First human 'lung-on-chip' model developed using stem cells from a single donor

Researchers at the Francis Crick Institute and AlveoliX have developed the first human 'lung-on-chip' model using stem cells taken from only one person.

These chips simulate breathing motions and lung disease in an individual, holding promise for testing treatments for infections like tuberculosis (TB) and delivering personalized medicine.

Air sacs in the lungs called alveoli are the essential site of gas exchange and also an important barrier against inhaled viruses and bacteria that cause respiratory diseases like flu or TB.

Researchers have been working to recreate the battle between human cells and bacteria in the lab by building a 'lung-on-a-chip': small units of human lung on a plastic chip containing tiny channels and compartments. In this case, they aimed to recreate air sacs to understand how they respond to infection.

Until now, these 'lung-on-chip' devices have been made of a mixture of patient-derived and commercially available cells, meaning they can't fully replicate the lung function or disease progression of a single individual. 
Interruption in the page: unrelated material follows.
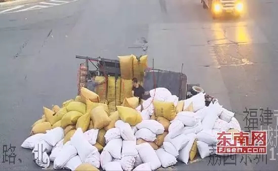 8月10日清晨5点多,在莆田市荔园路和东圳路交叉路口,一辆满载着谷糠的农用三轮车,在通过红绿灯路口时突然失控,车载的上百袋谷糠连车翻倒。顷刻间,车上的一对老夫妇被上百袋谷糠掩埋。

In a study published today in Science Advances, the team at the Crick developed a new lung-on-chip model that contains only genetically identical cells derived from stem cells from a single donor.

Based on a protocol developed previously by the lab, the team produced type I and II alveolar epithelial cells and vascular endothelial cells from human-induced pluripotent stem cells, cells that can virtually become any cell in the body. These epithelial and endothelial cells are separately grown on the top and bottom of a very thin membrane in a device manufactured by biotechnology company AlveoliX to recreate an air sac barrier.

To further simulate the human lung, AlveoliX has designed specialised machines to impose rhythmic three-dimensional stretching forces on the recreated air sac barrier, mimicking the motion of breathing. This stimulates the formation of microvilli, a key feature of alveolar epithelial cells to increase surface area for lung functions (image).

Next, the scientists added immune cells called macrophages into the chip, again produced from the stem cells of the same donor, before adding TB bacteria to simulate the early stages of the disease.

In the chips infected with TB, the team reported large macrophage clusters containing 'necrotic cores', a group of dead macrophages in the centre, surrounded by live macrophages. Eventually, five days after infection, the endothelial and epithelial cell barriers collapsed, showing that the air sac function had broken down.

Max Gutierrez, Principal Group Leader of the Host-Pathogen Interactions in Tuberculosis Laboratory at the Crick and senior author, said: "Given the increasing need for non-animal technologies, organ-on-chip approaches are becoming ever more important to recreate human systems, avoiding differences in lung anatomy, makeup of immune cells and disease development between animals and humans.

"Composed of entirely genetically identical cells, the chips could be built from stem cells from people with particular genetic mutations. This would allow us to understand how infections like TB will impact an individual and test the effectiveness of treatments like antibiotics."

TB is a slow-moving disease, with months between infection and the development of symptoms, so there's an increasing need to understand what's happening in the unseen early stages.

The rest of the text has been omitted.